Pour pallier au problème, certains plaident pour que la denturologie (profession traitant des prothèses dentaires amovibles) soit reconnue par le ministère de la Santé. Comme l’explique l’Union Belge des denturistes diplômés, « déjà en 2005 le KCE s’est intéressé à la possibilité de permettre -comme dans certains pays- à des techniciens spécialisés que sont les denturistes de fabriquer et placer eux-mêmes des prothèses amovibles en vue d’augmenter la concurrence par les prix et de faire diminuer ceux-ci dans des conditions de qualité satisfaisante ». Leurs arguments, aussi rationnels soient-ils, présentent cependant des limites. François Perl de chez Solidaris dénonce le manque de transparence des coûts liés aux prothèses dentaires. Pour lui, « cela tient aussi au fait que l’assurance-maladie intervient très peu dans ce domaine. On a essayé de prendre les choses en amont en favorisant les soins de prévention et de conservation pour éviter le recours aux prothèses, mais force est de constater que cette stratégie n’a pas rempli entièrement ses objectifs et que la santé bucco-dentaire reste un très gros problème dans ce pays ». Beaucoup d’associations du secteur social-santé se disent favorables à l’accessibilité financière des soins dentaires en ce compris les prothèses, mais sans soutenir explicitement une profession par rapport à d’autres.

Concernant la région bruxelloise, la COCOF est compétente dans le développement des soins dentaires à domicile. Barbara Trachte, Ministre-Présidente de la COCOF, répondant à la question du député Mohamed Ouriaghli, rappelait l’existence des centres de coordination de soins et services, à destination notamment, des personnes en perte d’autonomie. Pour les personnes éloignées des services, ces centres agréés peuvent offrir une aide en matière de soins dentaires à moindre coût.

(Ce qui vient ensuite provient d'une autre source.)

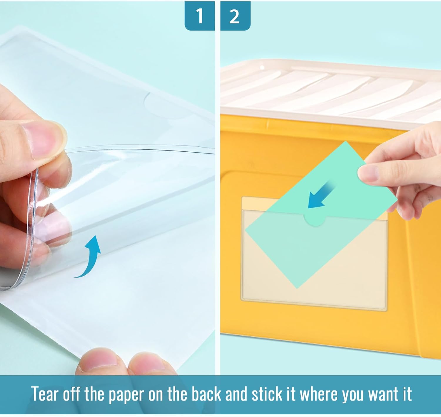 - High Quality Material: Adhesive label pockets is made of premium PVC material, which is transparent and clear, easy to read, and won't crack or turn yellow after long-term use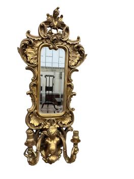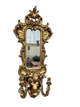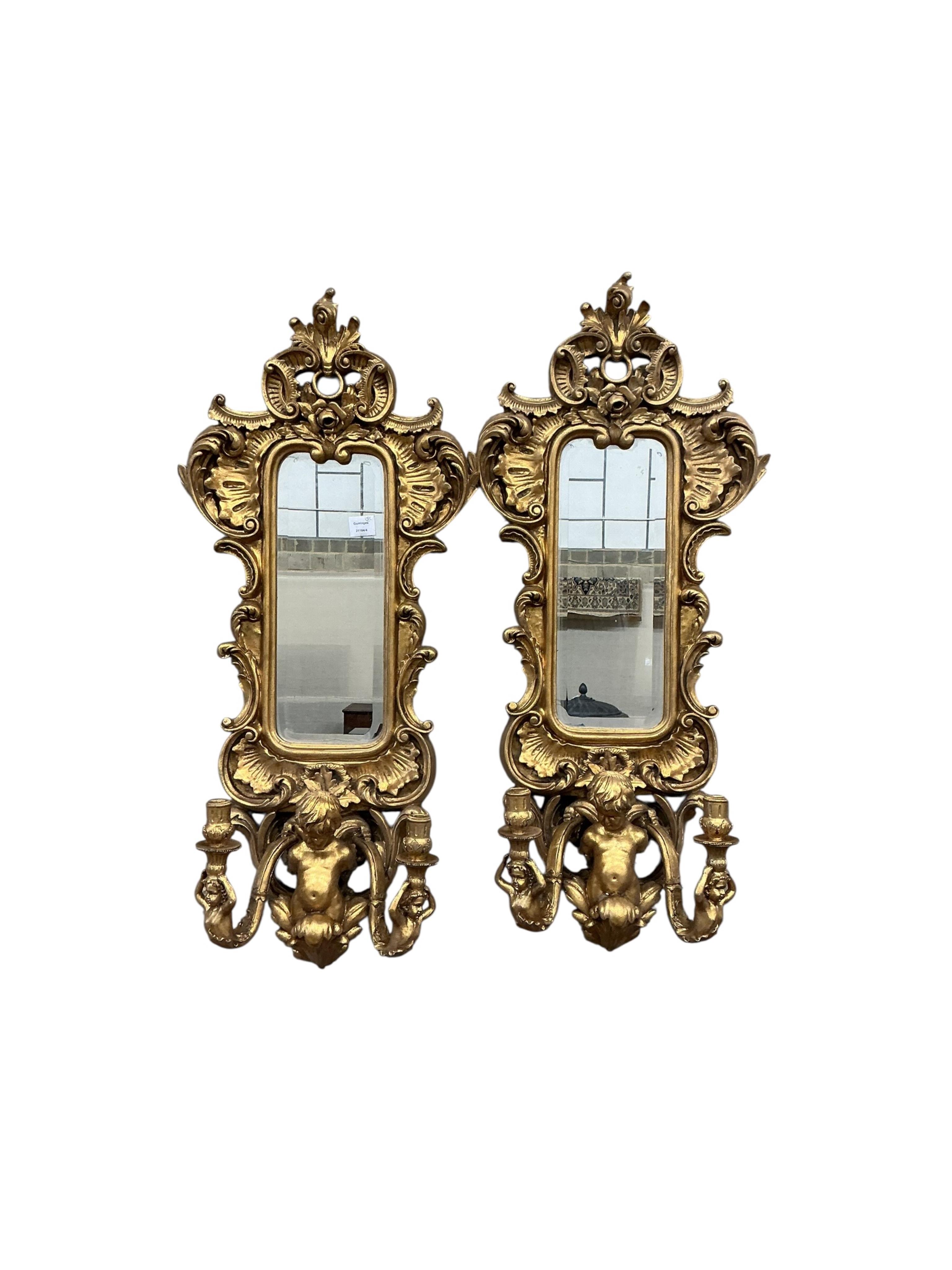 Lot 1265 , A pair of Baroque Revival gilt and composition girandole wall mirrors with cherub sconces, width 46cm, height 105cm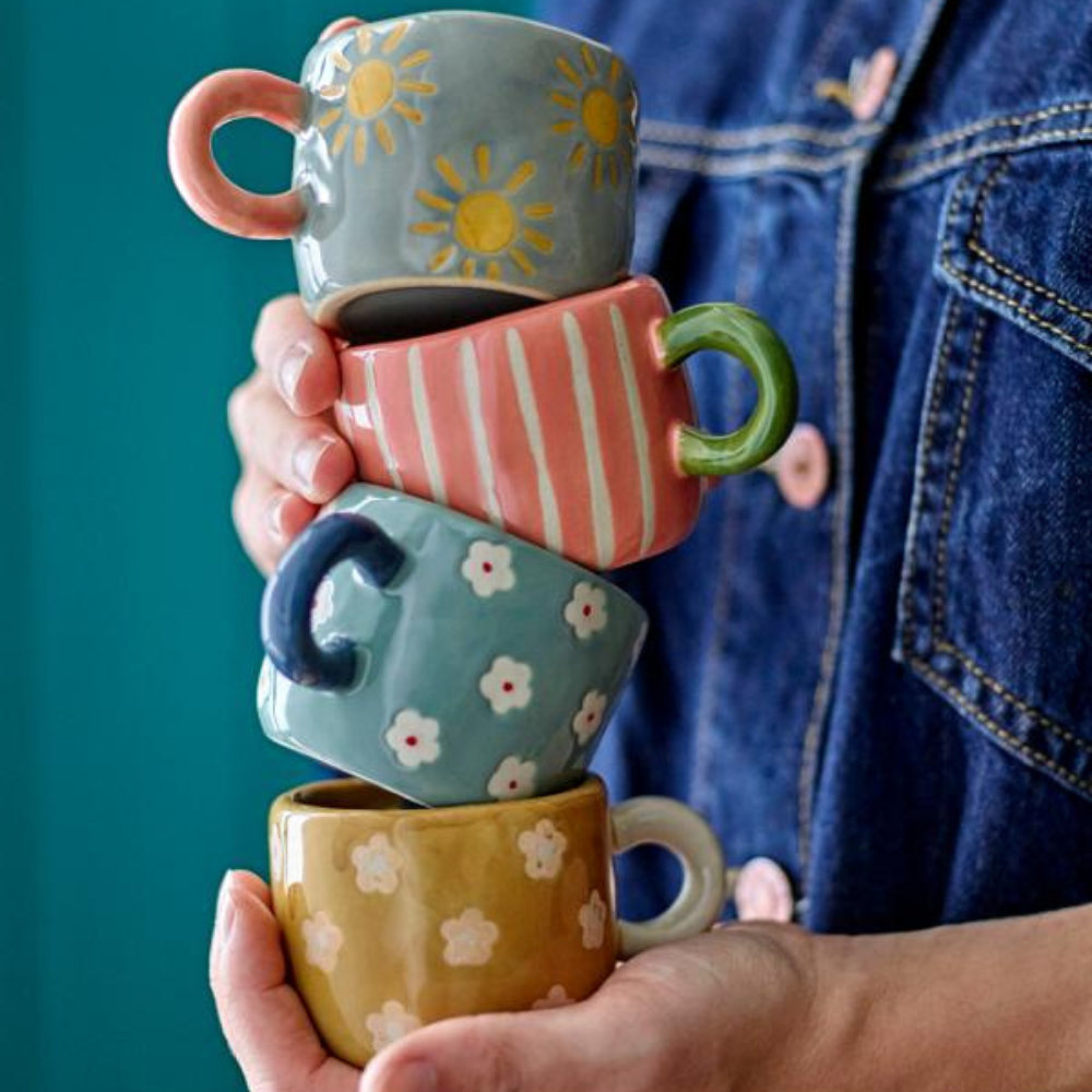 Sada Nini jsou hrnky od společnosti Bloomingville, které okamžitě dodají stolu veselý nádech a i obyčejný čaj bude vypadat slavnostněji. Každý kus má ručně malovaný design v různých barvách, takže hrnky vypadají lehce, hravě a velmi "domácky" - ideální pro rodinné snídaně nebo odpolední čaj.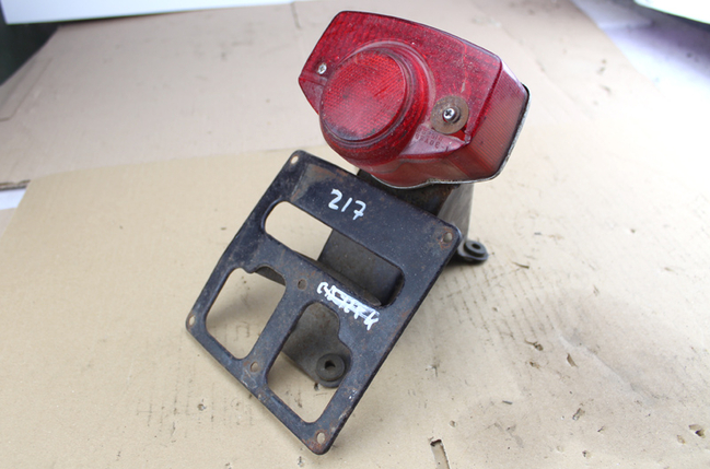 Gebrauchter Rücklichthalter einer Honda CB 200 B oder G - ohne Blinkerhalter. Guter Zustand - Lack sollte neu - inkl. Rücklicht, Glas aber mit Sprung.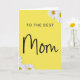 This design shows a sunny yellow background that feels like a warm hug, setting a cheerful scene for a close family bond ❤️. Centered on the front, the words “TO THE BEST” sit above the larger word “Mom,” creating a gentle emphasis that feels like someone leaning in to speak softly. “TO THE BEST” appears in simple, neat lettering, while “Mom” is written in a flowing, cursive-style look that adds a tender, affectionate touch. The text is set in a dark tone that stands out clearly against the yellow, keeping the message easy to read. Small floral details frame the greeting, with one cluster near the upper right corner and another near the lower left, like quiet little gifts placed around the words 🌼. Each flower has white petals with a golden center, and the petals are shaded to look slightly layered and softly curled. The two corner arrangements mirror each other to guide your eyes back toward the center message, and the blossoms sit lightly on the yellow field with plenty of open space around them. The white-petaled flowers with golden centers sit at the upper right and lower left corners against the bright yellow backdrop.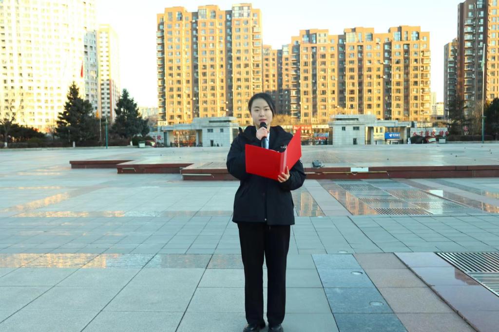 活动伊始,经法学院学生会主席团成员许秀作动员讲话。她指出,新时代大学生应深刻理解宪法的意义,积极学习宪法知识,将宪法精神内化于心、外化于行。随后,金融科技24-2班韩林娇进行《扬宪法之光,铸法治之魂》主题演讲。她阐述了宪法的立法背景及诞生历程,强调了宪法是我国根本法的地位与作用,呼吁新时代青年勇担法治建设重任。最后,金融23-2班蒋天航带领同学们以昂扬的精神风貌齐声朗读宪法相关内容。琅琅的晨读声不仅表达了同学们对宪法的尊重与敬意,同时明确了公民的基本权利与义务。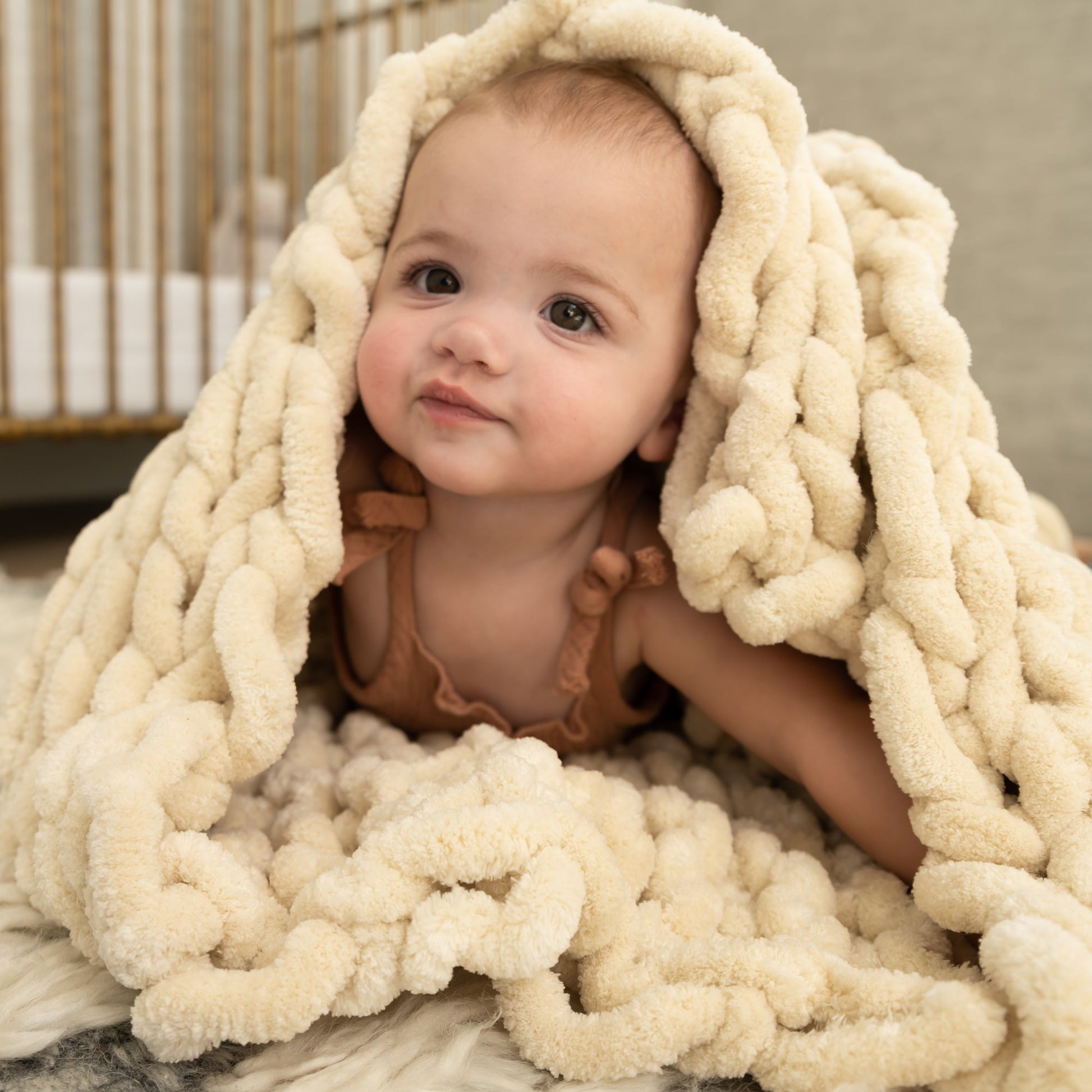 Buttercream 50x30" Chenille Chunky Knit Lap Blanket or Baby Blanket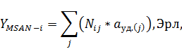 Нагрузка, создаваемая абонентами, подключенными к i-ому MSAN, рассчитывается по формуле:

Au niveau fédéral, une idée avait été évoquée par la région bruxelloise, afin de développer et de rembourser les prestations d’hygiénistes bucco-dentaires pour certains publics. Cette profession paramédicale a été créée en 2018 et les premiers diplômés sont arrivés en 2021. Il s’agit d’une fonction de premier choix, qui va à la rencontre du public vulnérable afin de faire de la prévention et du dépistage et d’orienter le patient vers un dentiste en cas de nécessité. Malheureusement, cette proposition est restée lettre morte. Barbara Trachte explique vouloir « la remettre sur le tapis ». De plus, la COCOF a été sollicitée par l’asbl Doucheflux, pour les accompagner dans l’organisation de soins bucco-dentaires mobiles pour les sans chez-soi bruxellois. Cette proposition sera discutée en groupe de travail au Parlement Francophone bruxellois en mars 2023.